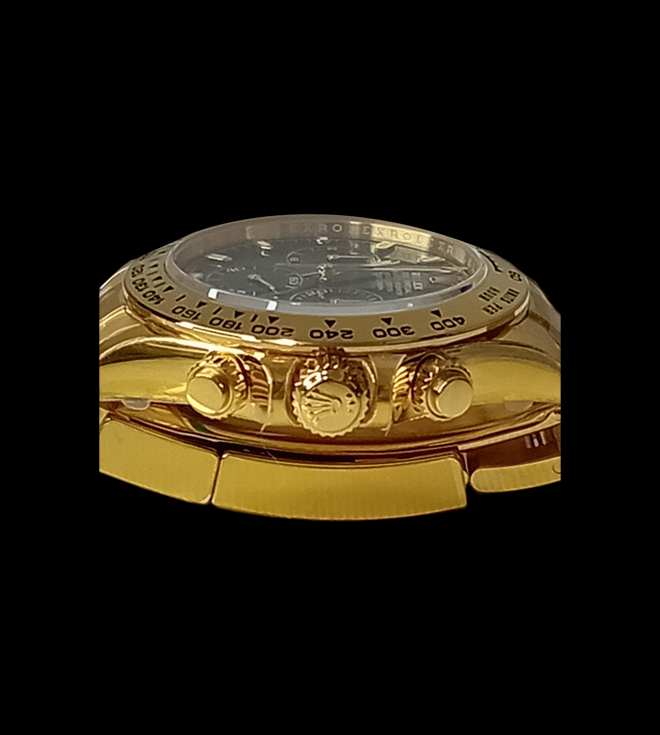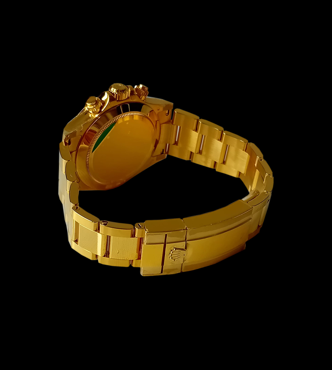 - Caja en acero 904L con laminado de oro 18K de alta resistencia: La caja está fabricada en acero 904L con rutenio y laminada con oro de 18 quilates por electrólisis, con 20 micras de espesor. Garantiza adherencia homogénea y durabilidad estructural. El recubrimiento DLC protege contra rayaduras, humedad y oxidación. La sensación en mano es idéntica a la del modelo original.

---

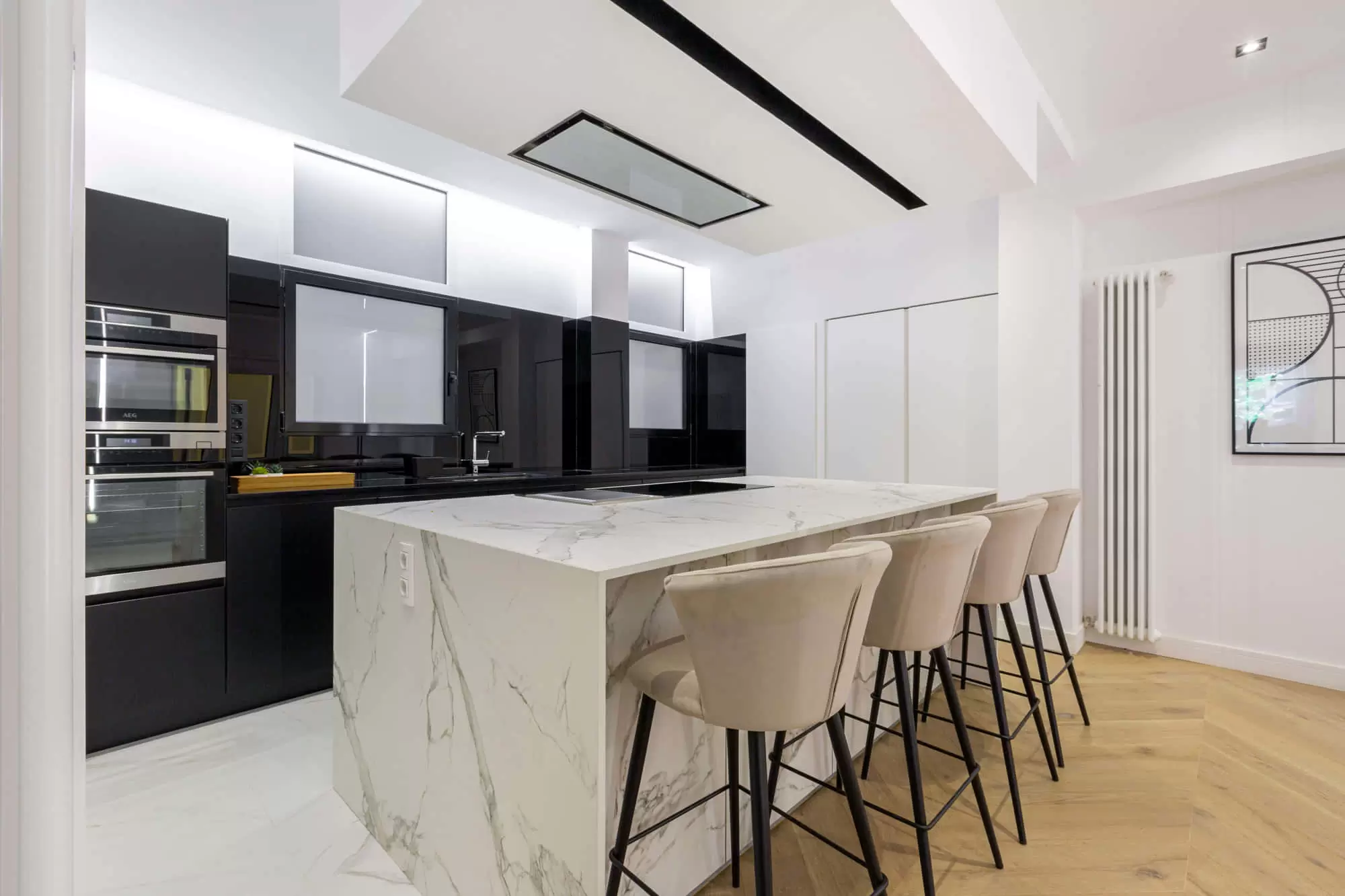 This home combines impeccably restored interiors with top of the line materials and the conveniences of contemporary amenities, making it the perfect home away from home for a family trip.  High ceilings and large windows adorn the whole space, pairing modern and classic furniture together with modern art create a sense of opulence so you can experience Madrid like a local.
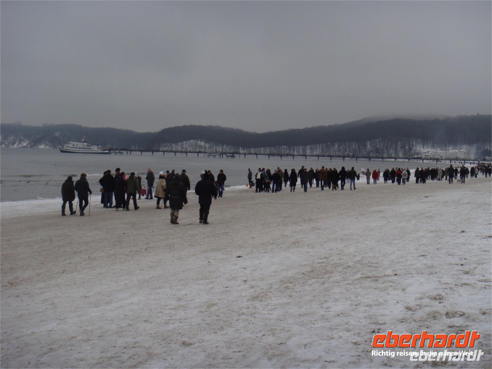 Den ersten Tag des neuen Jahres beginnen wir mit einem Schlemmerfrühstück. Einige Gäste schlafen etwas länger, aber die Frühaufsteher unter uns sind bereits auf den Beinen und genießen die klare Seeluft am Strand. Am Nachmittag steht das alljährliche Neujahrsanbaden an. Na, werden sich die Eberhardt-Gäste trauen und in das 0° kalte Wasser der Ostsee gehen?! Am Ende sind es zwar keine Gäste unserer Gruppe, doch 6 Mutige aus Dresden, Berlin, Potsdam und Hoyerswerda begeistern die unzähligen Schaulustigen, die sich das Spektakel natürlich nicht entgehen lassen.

:: Task goal ::
Your answer must be everything above from the line with "This home combines" down to the line with "Den ersten Tag", word for word, and no pictures.

:: Answer section ::
 This home combines impeccably restored interiors with top of the line materials and the conveniences of contemporary amenities, making it the perfect home away from home for a family trip.  High ceilings and large windows adorn the whole space, pairing modern and classic furniture together with modern art create a sense of opulence so you can experience Madrid like a local.
 Den ersten Tag des neuen Jahres beginnen wir mit einem Schlemmerfrühstück. Einige Gäste schlafen etwas länger, aber die Frühaufsteher unter uns sind bereits auf den Beinen und genießen die klare Seeluft am Strand. Am Nachmittag steht das alljährliche Neujahrsanbaden an. Na, werden sich die Eberhardt-Gäste trauen und in das 0° kalte Wasser der Ostsee gehen?! Am Ende sind es zwar keine Gäste unserer Gruppe, doch 6 Mutige aus Dresden, Berlin, Potsdam und Hoyerswerda begeistern die unzähligen Schaulustigen, die sich das Spektakel natürlich nicht entgehen lassen.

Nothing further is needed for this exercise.